Researchers from Purdue University have made a breakthrough which could lead to faster computing devices. They solved a decades-old challenge meaning they could create a functional silicon transistor with integrated ferroelectric RAM. The significant upshot is that, using this technology, transistors could be used for both information processing and storage in one device.
The Purdue University news blog asserts that "researchers have been trying for decades to integrate the two, but issues happen at the interface between a ferroelectric material and silicon." A team led by Peide Ye, a Professor of Electrical and Computer Engineering at Purdue, made the breakthrough by using a new material which had qualities of both these disparate substances. "We used a semiconductor that has ferroelectric properties," Ye said. "This way two materials become one material, and you don't have to worry about the interface issues."
The result of the research is dubbed the ferroelectric semiconductor field-effect transistor, which can be built in the same way as currently mass produced computer chips. The main difference is that the channel material used is alpha indium selenide, which not only has ferroelectric properties, but addresses the issue of a conventional ferroelectric material usually acting as an insulator rather than a semiconductor. With its small band-gap properties the new transistors (down to 10nm at present) the chip design can be relatively dense and energy efficient from the outset.

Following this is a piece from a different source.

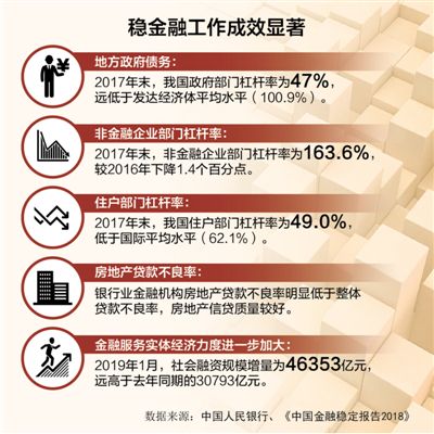 完善穩(wěn)金融的宏觀經(jīng)濟(jì)政策框架。財政政策、貨幣政策等宏觀經(jīng)濟(jì)政策與穩(wěn)金融之間存在很強(qiáng)的內(nèi)在關(guān)聯(lián)性。要根據(jù)去年底召開的中央經(jīng)濟(jì)工作會議的部署,強(qiáng)化財政政策和貨幣政策的逆周期調(diào)節(jié)作用,繼續(xù)實施積極的財政政策和穩(wěn)健的貨幣政策,著力穩(wěn)定總需求,為穩(wěn)金融創(chuàng)造良好的宏觀經(jīng)濟(jì)環(huán)境。積極的財政政策要加力提效,實施更大規(guī)模的減稅降費(fèi),較大幅度增加地方政府專項債券規(guī)模;穩(wěn)健的貨幣政策要松緊適度,保持流動性合理充裕,改善貨幣政策傳導(dǎo)機(jī)制,提高直接融資比重,解決好民營企業(yè)和小微企業(yè)融資難、融資貴問題。

A Purdue postdoctoral researcher in electrical and computer engineering, Mengwei Si, built and tested the transistor ahead of the research paper being published by Nature. Si found that the ferroelectric semiconductor field-effect transistor offered performance comparable to existing ferroelectric field-effect transistors, and could exceed them with some optimisation.
The Purdue University team presented its work yesterday at the 2019 IEEE International Electron Devices Meeting in San Francisco.